▶ _EXERCISE OBJECTIVE_:
Among the lines below, take the one holding "Equipment Needed: Boys’", the one holding "Young tourist man", and all lines between them. Set them down exactly.

▶ _MATERIAL TO PROCESS_:
=== Section Start ===
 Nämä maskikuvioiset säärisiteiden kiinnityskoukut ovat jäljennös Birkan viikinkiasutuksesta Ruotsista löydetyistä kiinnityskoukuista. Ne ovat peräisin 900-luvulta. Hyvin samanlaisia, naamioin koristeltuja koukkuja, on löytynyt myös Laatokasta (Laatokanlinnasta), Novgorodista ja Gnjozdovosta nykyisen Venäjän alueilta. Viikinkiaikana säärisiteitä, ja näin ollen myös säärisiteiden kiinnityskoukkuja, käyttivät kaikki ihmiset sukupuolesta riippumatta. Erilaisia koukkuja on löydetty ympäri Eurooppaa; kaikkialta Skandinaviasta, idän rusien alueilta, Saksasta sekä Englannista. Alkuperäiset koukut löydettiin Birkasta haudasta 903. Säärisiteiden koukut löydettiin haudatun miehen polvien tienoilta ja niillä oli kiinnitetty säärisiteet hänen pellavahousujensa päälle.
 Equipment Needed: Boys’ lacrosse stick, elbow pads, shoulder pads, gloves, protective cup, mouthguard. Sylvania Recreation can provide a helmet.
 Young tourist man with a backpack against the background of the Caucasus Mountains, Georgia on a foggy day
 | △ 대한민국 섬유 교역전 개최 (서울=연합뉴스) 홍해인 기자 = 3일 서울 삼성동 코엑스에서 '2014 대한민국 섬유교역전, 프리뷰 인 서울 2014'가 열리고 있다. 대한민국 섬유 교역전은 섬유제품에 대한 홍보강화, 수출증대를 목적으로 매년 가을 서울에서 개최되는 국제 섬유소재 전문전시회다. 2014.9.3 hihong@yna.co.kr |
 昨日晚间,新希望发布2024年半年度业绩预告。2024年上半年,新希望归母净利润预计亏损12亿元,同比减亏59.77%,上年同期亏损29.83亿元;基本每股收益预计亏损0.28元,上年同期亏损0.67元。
=== Section End ===
=== Section Start ===
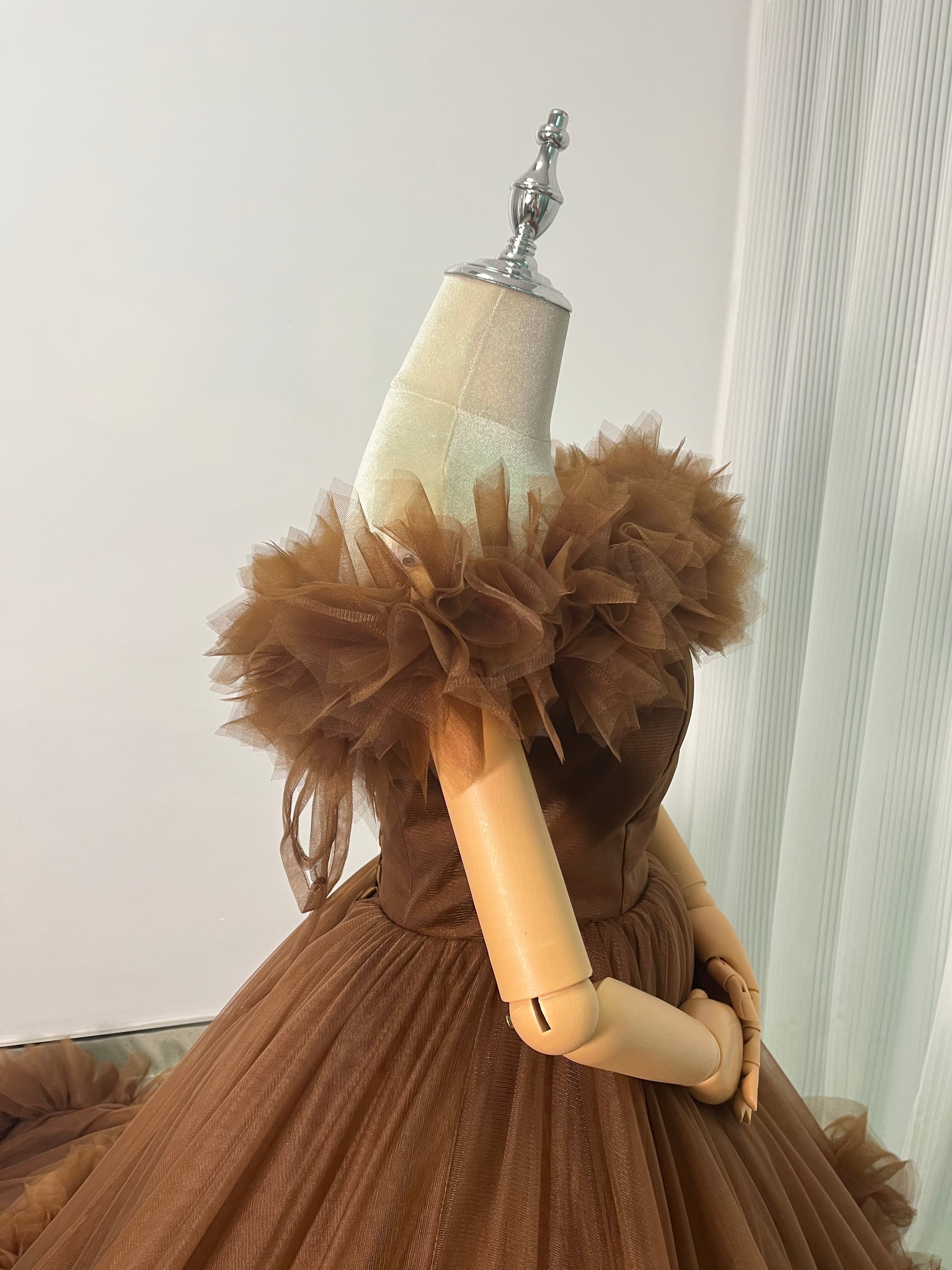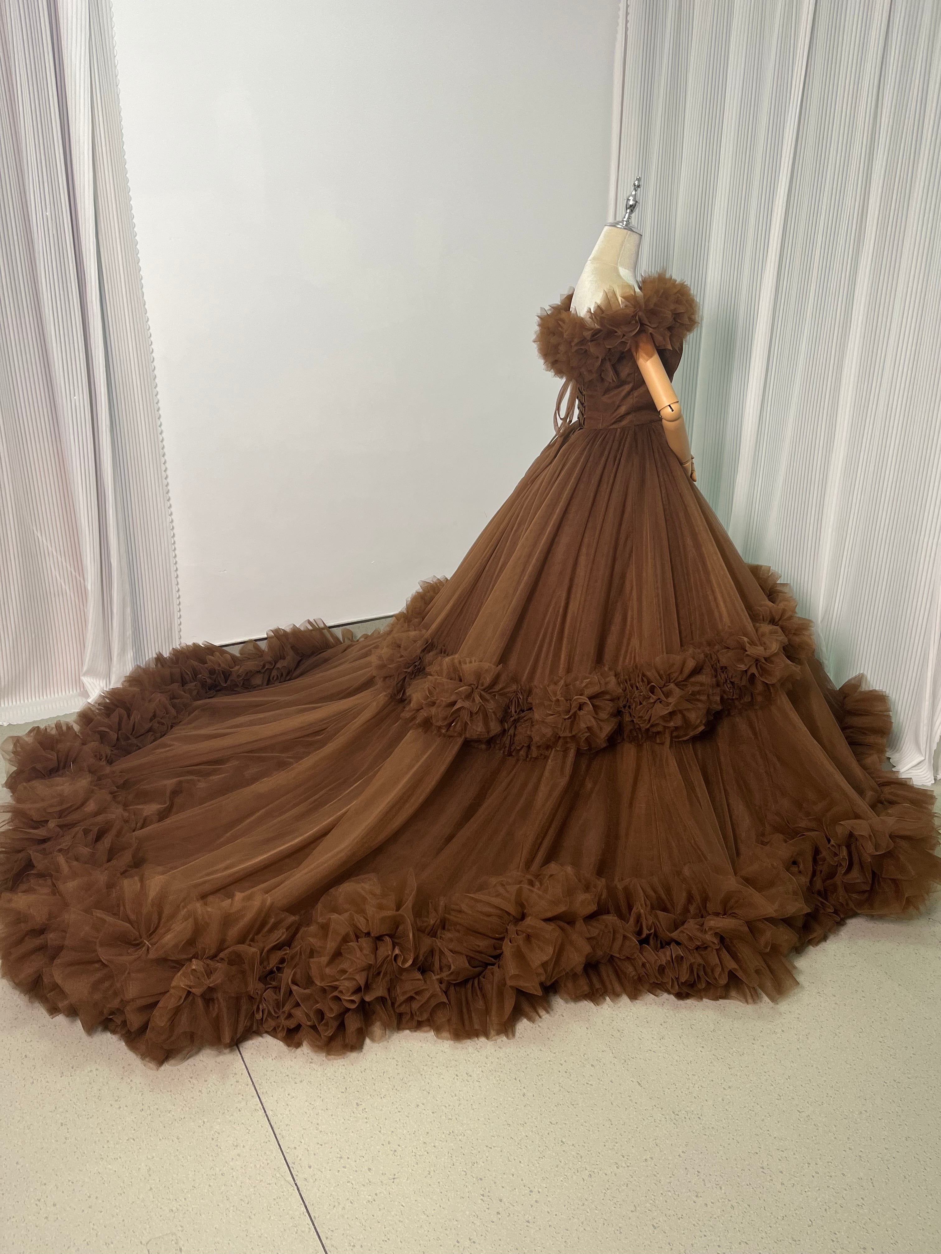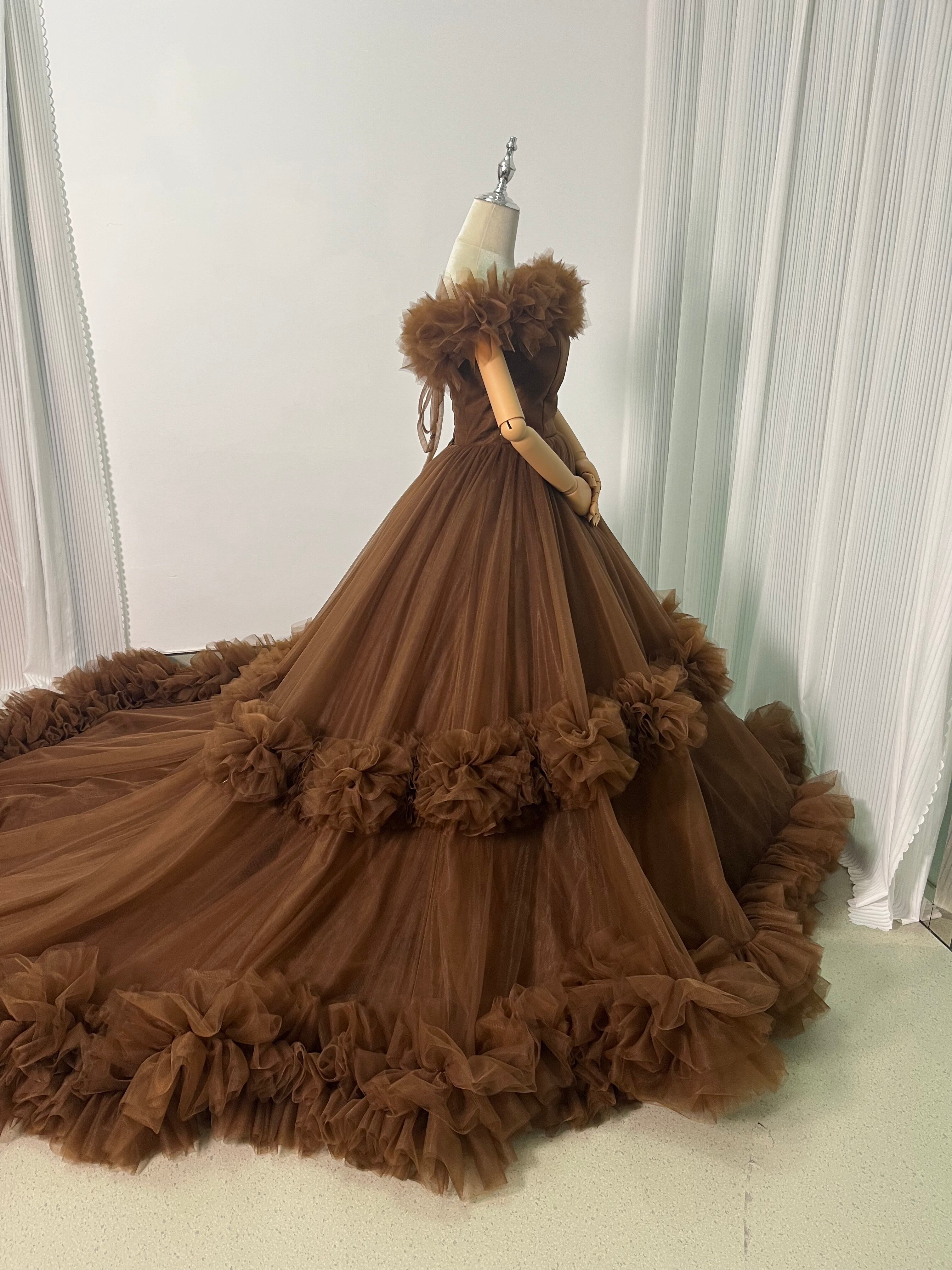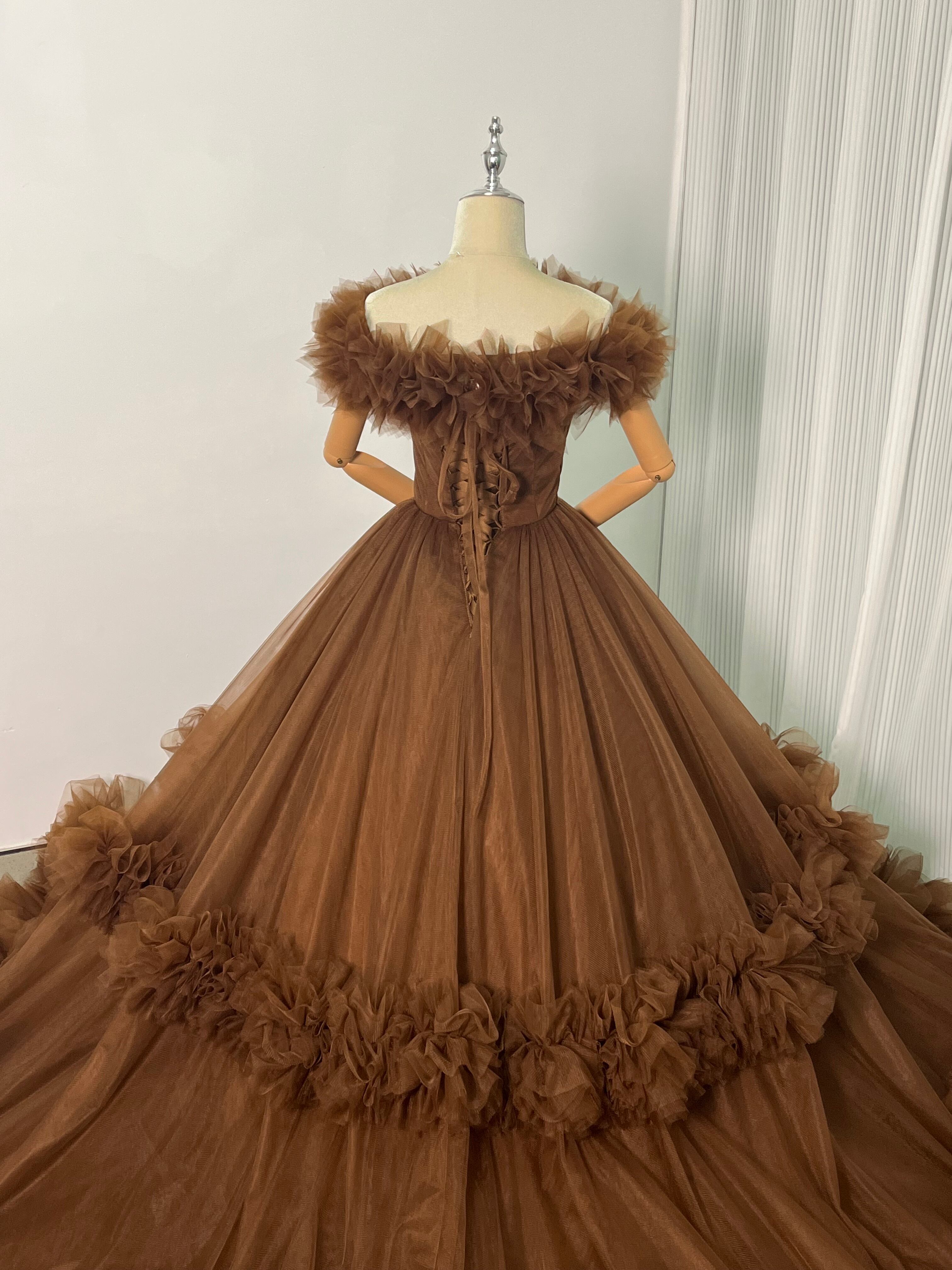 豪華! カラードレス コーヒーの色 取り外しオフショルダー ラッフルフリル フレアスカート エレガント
=== Section End ===
▶ _SOLUTION TO THIS EXERCISE_:
 Equipment Needed: Boys’ lacrosse stick, elbow pads, shoulder pads, gloves, protective cup, mouthguard. Sylvania Recreation can provide a helmet.
 Young tourist man with a backpack against the background of the Caucasus Mountains, Georgia on a foggy day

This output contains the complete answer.